Als stationäre Phase kommen häufig C-18 Säulen zur Anwendung (KIMURA et al., 1982;

BONTEMPS et al., 1984; VANDERSLICE u. HUANG, 1986). Das charakteristische Packungsmaterial für die Flüssigkeitschromatographie besteht aus porösen Mikroteilchen mit Durchmessern von 3 - 10 µm.

Abb. 39: Kieselgelteilchen Abb. 40: Lichrospher (Knauer)

Die Teilchen bestehen am häufigsten aus Kieselgel (Abb. 39 und 40). Größere Teilchen mit einheitlichen Durchmessern von weniger als 1 µm werden durch Agglomeration von feinen Teilchen hergestellt.
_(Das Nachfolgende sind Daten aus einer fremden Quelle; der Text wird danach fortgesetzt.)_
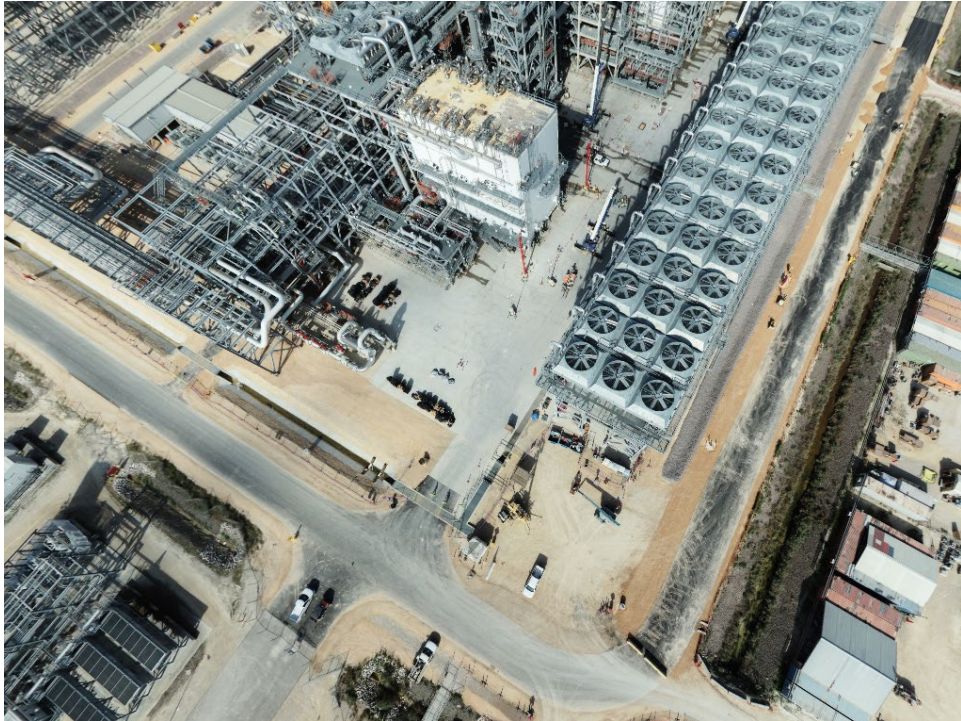
Asphalt in progress at South side of Train 6

Die Kieselgelteilchen werden anschließend meist mit dünnen organi-schen Filmen beschichtet, die chemisch oder physikalisch an der Oberfläche gebunden wer-den (SKOOG u. LEARY, 1996). Mit Hilfe der Reversed-phase-HPLC lassen sich heute etwa zwei Drittel aller flüssigkeitschromatographisch relevanten Trennaufgaben lösen, so dass der RP-HPLC die größte Bedeutung in der Praxis zukommt. Die Bedeutung der RP-HPLC ist auch auf die Tatsache zurückzuführen, dass sich Optimierungen der mobilen Phase in den meisten Fällen über die Variation des Wassergehaltes in einem polaren organischen Lösungsmittel wie Methanol oder Acetonitril durchführen lassen (SKOOG u. LEARY, 1996;

SCHWEDT, 2004).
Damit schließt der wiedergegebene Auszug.